4. The cinema techniques, the quality of the black-and-white photography, using 65 mm? The wide range of music used?

5. The film is episodic, the cumulative effect, emotion in the period, the Mexican perspectives, life and issues?

6. Cleo at the centre of the film, the indigenous maid, the other servants and the use of indigenous language? Her age, coming from the village, leaving her mother (and apprehensive about her mother seeing her pregnant)? The government going to the village, taking the land? Cleo becoming a servant, working with the other servants?

7. The household, Sofi, her husband absent on research in Canada, the four children, the three boys, the girl, their ages? The various tasks in the household? Cleo and the details of her waking the children, the meals, bonding with them, care for them, and devotion to her?

8. Chloe and the encounter with Fermin, his martial arts, naked demonstration, the sexual encounter, her pregnancy, going to the cinema, her telling him, his abandoning her, the finding where he trained in the martial arts, being present, observing, talking with him, his abusive behaviour? Later seeing Ferman and the violence against the protesters? Her hesitation in explaining her pregnancy to Sofi, Sofi taking her to the doctor, the consideration by the doctor and medical staff, the examination, the months of her pregnancy, not telling her mother?

9. Sofi, the mother, the four children, at home, the fashionable life, the servants? Her husband, his leaving, deception, his mistress? With the four children and her devotion? Her work as a teacher, her mother’s presence in the house and support? The effect of her husband leaving, his lies, not sending any money, her having to manage?

10. The Christmas gathering, all the families together, the big number, joy and celebration, meals, clowns, dancing? The impact of the five, the forest, the people and their combining to put out the fire?

11. Cleo, her relationship with Sofi, with the children? Sofi in the car, going between the two trucks and scraping the vehicle, crashing into it as she drove into the narrow pathway? The later decision to buy the new car, smaller, everybody going to the beach, Cleo going with the family, in the surf? The children going out too far, Cleo going into the water, bringing them safely out?
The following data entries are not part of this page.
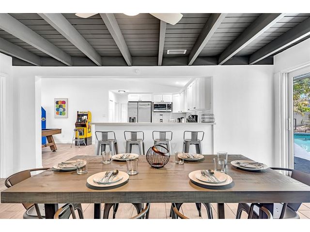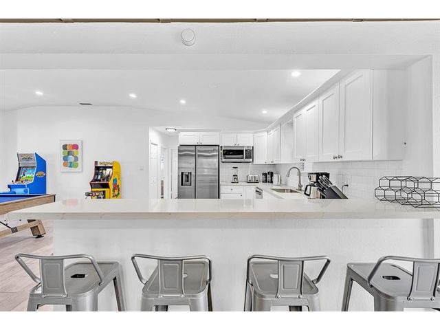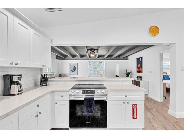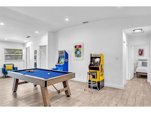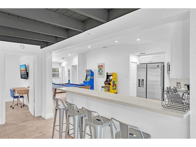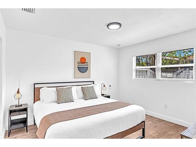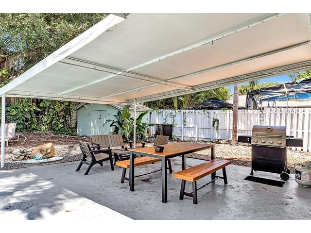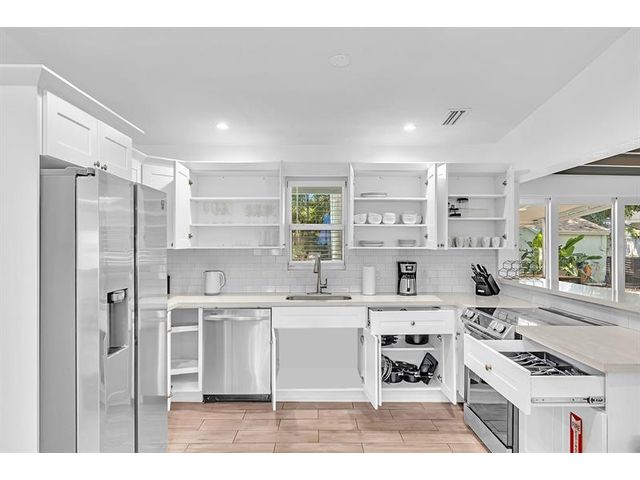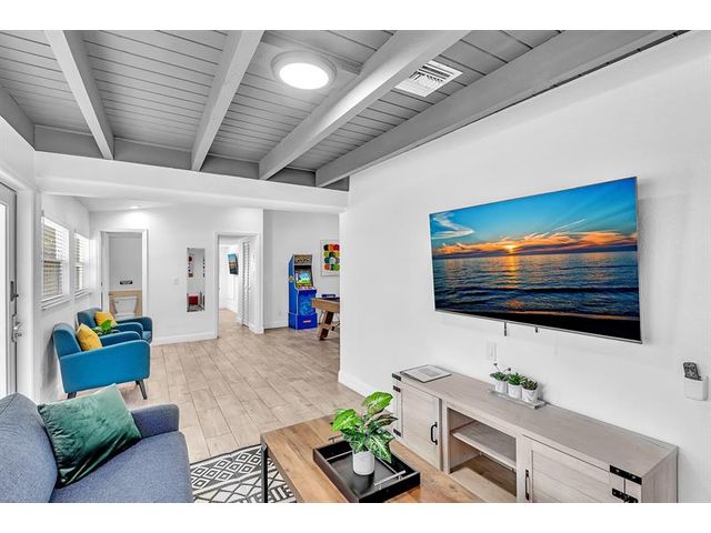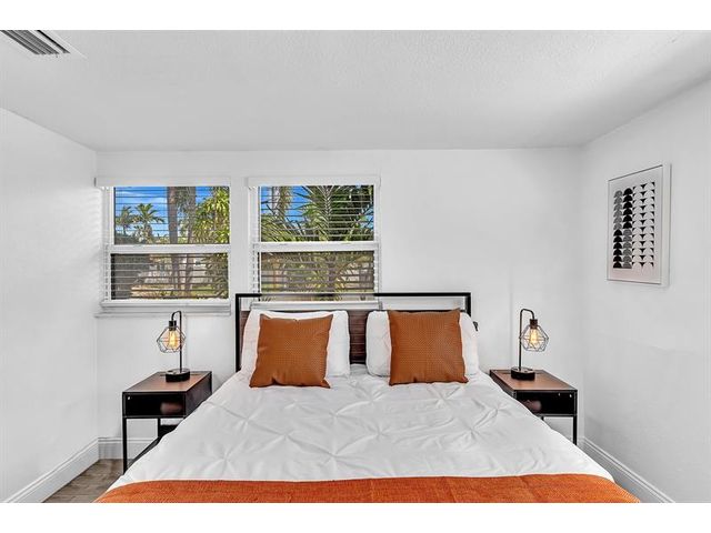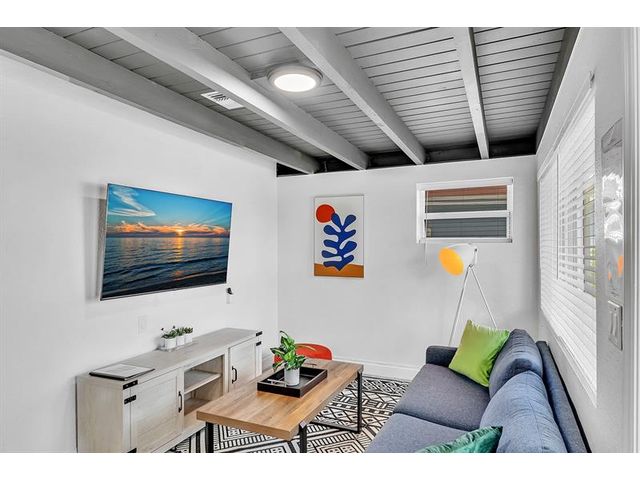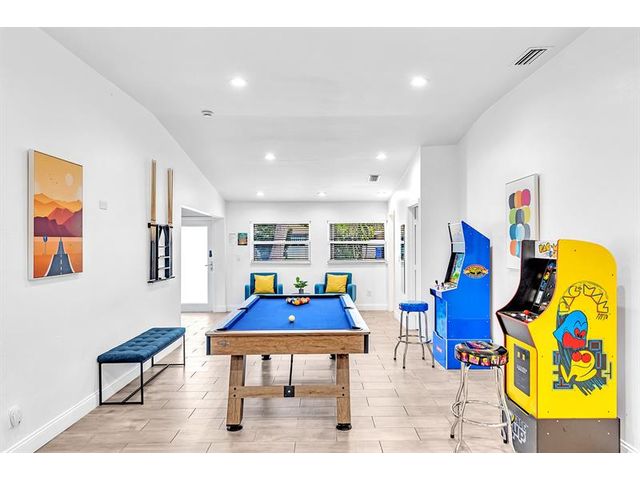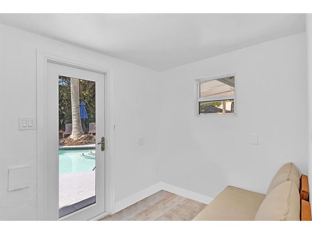 Welcome to tropical living in this beautifully updated East Fort Lauderdale home on an expansive 10,000+ sq. ft. double lot. The open layout features hurricane-impact windows and doors, recessed lighting, and stylish tile flooring throughout. The kitchen is enhanced with quartz countertops, stainless appliances, and custom cabinetry. Two flexible rooms offer options for a fourth bedroom, office, or guest suite. Step outside to a private fenced yard with vibrant landscaping, a solar-heated pool, and a covered patio perfect for relaxing or entertaining. Offered fully furnished and move-in ready—ideal for living, vacationing, or investment.
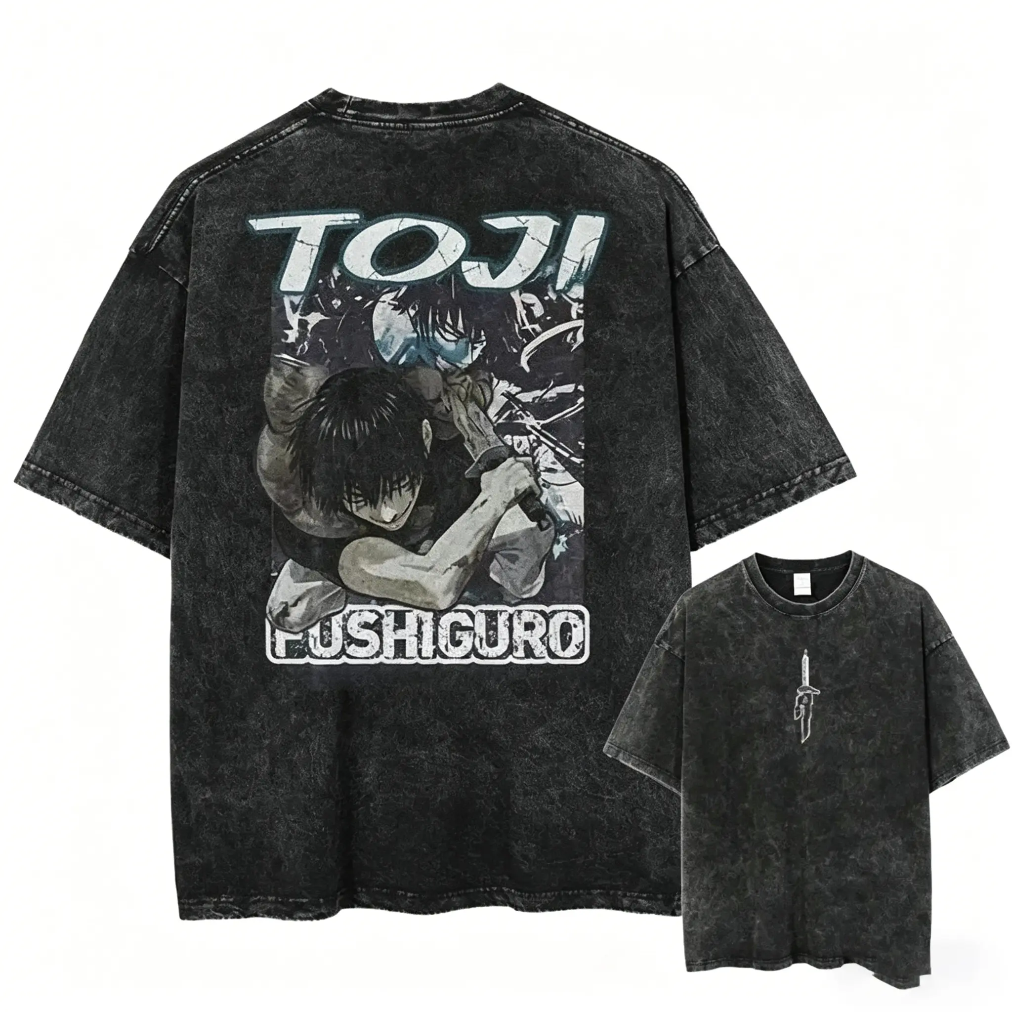 Rep the iconic Jujutsu Kaisen character Toji Fushiguro, the legendary "Sorcerer Killer", with this stunning vintage-style action tee! Featuring a striking, high-contrast illustration of Toji in his iconic battle pose, paired with bold "TOJI FUSHIGURO" lettering and a mini Inverted Spear of Heaven () symbol on the chest. This shirt captures the raw, unstoppable power of the strongest non-sorcerer in Jujutsu Kaisen history. Ideal for JJK stans, anime fans, or anyone who loves vintage anime streetwear.
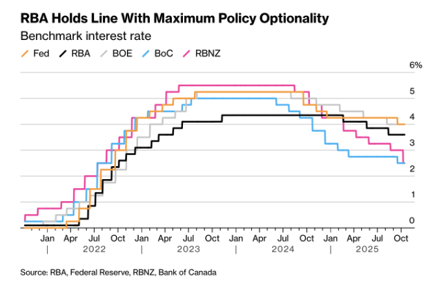 The chart “RBA Holds Line With Maximum Policy Optionality” (source: RBA, Federal Reserve, RBNZ, Bank of Canada) shows that the RBA is keeping its policy rate steady while deliberately maintaining maximum flexibility to tighten again if price pressures re-emerge. The upcoming inflation release will therefore be crucial in determining whether Australia has truly reached the end of its tightening cycle.

12. Going shopping, Sofi’s mother and the buying of the cot, in the shop, parking the car, the students arriving for the demonstrations? The film not making clear the issues? The crowds, watching from the shop windows, the shootings in the bashings, the police, violence in the store, Ferman and his being part of the group, getting out of the store, the woman with her dead friend in the street?

13. Cleo, the water breaking, getting her into the car, the jammed cars in the tunnel, two hours to get to the hospital? The helpful treatment from everyone in the hospital? The birth, the dead child, Cleo holding it, the staff wrapping the child? Cleo later saying she wanted the child to be born dead?

14. Sofi and facing the reality of her husband leaving her, getting the children to write letters, imploring him to come home? Facing the truth, telling the children the truth, their grief, sadness, eating the ice creams? Going home, the husband collecting his books and the bookshelves, the new rooms and adapting to the future?

15. The personalities of the children, ages, interactions, the two supportive ones, the older brother dominating, the little boy and his devotion to Cleo?

16. Ordinary lives, difficulties, hardships, surviving, being creative?

17. The tribute to Cleo – and the film dedicating dedicated to Libo, the real-life equivalent of Cleo in the director’s life?